Michael: Can you give me. a team goal example. So you know how you said individually, you don't recommend it. You recommend it as like a team. What would be an example?

Glenda: Well, we could even take the clinical as an example. If every one of our hygienist that has a patient comes in, sells a fluoride case or adds fluoride to their treatment, And at the end of the day or at the end of the week, the month, whatever that how the goals are set up, we have to promote it as a team.

We need the entire team to come forward and we need everyone to try to sell this. And we don't want to put it at where you have to do everyone. We want to give them a goal to be able to reach and to reach beyond that. So, there's all types of different goals that you can put in place to support one another in different ways.

It might be the front desk with, maybe we're working with a marketing company, and maybe it's on how many leads can we convert? How can we support one another in converting leads in closing treatment cases? So it could be case acceptance. So there's a number of different ways that you could combine that and turn it into team goals with working together.

We really have to break down what the goals again are of the practice. And what does that look like when we actually roll it to the team and how can we combine them together with something that makes sense because we want everyone to achieve for individual results, but also team results, because again, we want to encourage teamwork.

Michael: Okay. That's good. I like that a lot. What happens if we are in the case, let's just say we're listening right now. Sounds great. Great. But we're in that part where we're feeling like a hostage, where if we even implement this, they're like, why are you going to give us a raise to do this? What do we

Glenda: do?

I think that is a great question. And I happened to be at an office last week, working with the client and this hostage situation happened to be going on with their entire team at two locations. They were all demanding a higher wage. And so what we basically did was break it down because they were comparing their hourly rate to what they would get if they were a temporary hire.

As temps, they were making 55 an hour. So they wanted their doctors to raise them to 55 an hour, but what they were not taking into consideration were, the 4 percent match that they were receiving and all of the money that they invested, they had an investment plan. They had benefits. This company had even given them at one point, a payout at the end of the year.

of like 10, 000 per employee. This office was going over and above with delivering results for their employees. And yet the employees were not taking that into consideration. So we talked about that with each employee and ask him, do you need benefits? Because if you don't want the benefits, we may be able to afford to pay you a little bit more per hour.

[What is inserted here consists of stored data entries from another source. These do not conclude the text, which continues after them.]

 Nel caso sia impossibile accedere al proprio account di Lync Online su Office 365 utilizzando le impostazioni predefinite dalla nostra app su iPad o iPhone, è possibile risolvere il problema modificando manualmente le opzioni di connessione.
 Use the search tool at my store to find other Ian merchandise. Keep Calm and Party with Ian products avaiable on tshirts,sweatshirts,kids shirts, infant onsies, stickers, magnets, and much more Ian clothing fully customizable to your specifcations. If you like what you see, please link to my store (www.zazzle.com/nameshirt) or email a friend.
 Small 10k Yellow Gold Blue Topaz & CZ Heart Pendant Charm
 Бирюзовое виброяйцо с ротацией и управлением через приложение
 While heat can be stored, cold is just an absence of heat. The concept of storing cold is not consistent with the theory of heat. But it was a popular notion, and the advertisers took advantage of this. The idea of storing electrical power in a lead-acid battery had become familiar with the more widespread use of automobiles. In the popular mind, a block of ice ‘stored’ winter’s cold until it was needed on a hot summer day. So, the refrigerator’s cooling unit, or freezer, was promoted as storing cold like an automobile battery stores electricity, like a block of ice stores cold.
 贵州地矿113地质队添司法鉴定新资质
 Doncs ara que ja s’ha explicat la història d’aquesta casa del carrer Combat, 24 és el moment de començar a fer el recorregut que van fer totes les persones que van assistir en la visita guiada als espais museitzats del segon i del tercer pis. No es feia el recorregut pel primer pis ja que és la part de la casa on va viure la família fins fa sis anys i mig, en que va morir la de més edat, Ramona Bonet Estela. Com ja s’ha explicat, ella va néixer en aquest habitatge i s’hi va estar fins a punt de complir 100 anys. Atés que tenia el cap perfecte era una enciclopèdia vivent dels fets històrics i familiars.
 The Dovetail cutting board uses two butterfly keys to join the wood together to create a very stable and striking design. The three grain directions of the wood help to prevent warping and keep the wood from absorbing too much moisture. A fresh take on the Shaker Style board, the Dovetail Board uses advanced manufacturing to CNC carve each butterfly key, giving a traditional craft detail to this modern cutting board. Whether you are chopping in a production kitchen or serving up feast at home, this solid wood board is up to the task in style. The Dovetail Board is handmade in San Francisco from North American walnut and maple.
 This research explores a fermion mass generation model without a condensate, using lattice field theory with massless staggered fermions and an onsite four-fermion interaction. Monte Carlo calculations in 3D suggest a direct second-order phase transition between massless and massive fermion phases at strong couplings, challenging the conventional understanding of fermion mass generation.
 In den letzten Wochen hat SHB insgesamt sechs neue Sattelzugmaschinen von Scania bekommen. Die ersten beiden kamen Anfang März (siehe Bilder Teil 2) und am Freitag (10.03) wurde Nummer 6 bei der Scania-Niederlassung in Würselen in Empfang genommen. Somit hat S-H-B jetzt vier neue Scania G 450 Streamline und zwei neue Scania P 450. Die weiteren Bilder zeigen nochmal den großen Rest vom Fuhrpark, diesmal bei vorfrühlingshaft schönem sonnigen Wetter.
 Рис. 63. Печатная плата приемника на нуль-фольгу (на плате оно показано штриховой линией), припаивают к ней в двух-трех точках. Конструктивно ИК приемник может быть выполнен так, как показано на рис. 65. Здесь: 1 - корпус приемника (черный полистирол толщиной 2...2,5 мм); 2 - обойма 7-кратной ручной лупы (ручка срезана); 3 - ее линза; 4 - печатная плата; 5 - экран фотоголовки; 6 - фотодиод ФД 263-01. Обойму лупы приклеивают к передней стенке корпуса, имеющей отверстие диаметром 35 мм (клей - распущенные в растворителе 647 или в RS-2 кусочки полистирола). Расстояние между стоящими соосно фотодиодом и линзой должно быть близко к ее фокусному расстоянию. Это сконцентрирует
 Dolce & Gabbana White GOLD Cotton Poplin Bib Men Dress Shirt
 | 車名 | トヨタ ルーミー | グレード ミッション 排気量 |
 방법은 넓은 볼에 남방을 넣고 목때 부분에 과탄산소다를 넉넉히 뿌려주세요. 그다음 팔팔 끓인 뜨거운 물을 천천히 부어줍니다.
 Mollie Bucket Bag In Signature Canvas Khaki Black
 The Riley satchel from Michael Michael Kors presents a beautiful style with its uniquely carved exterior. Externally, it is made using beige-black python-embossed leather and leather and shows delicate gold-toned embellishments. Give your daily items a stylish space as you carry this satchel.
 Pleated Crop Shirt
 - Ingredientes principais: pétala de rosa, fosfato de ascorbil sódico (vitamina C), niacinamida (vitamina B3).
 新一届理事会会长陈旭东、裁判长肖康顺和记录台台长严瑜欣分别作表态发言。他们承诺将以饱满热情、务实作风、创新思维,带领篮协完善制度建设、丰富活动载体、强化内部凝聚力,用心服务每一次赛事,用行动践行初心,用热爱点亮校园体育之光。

But if the benefits are important, it might be something you want to consider. Also, in the temporary position, is that going to be full time work for you? Because I'm providing you with full time hours when you work for me. And this has been a long term arrangement. The other thing that we did was to actually analyze the practice numbers.

where they were, their percent of payroll up against what the average is. And what we found was the company, the practice was already over by at least 5 percent in their payroll. So the only way that practice could realistically. afford to give them the raise they wanted is if they were to improve their production.

So we turned it back on the employees and said, okay, we'll consider the raise, but this is what we need from you. And so one of the programs that we introduced again, going back to fluoride, which is something really simple to sell is. You need to include a fluoride case with every one of these and as we improve our numbers and our production, and we go from 30 percent back down to 20 or 25 percent in the right range, now we can afford to talk about giving you a raise.

But we need you to work with us, and being able to make sure that we're hitting the numbers that we need to hit as well. And so it's all about how you position that conversation.

Michael: Glenda, thank you so much for being with me on this Monday morning episode.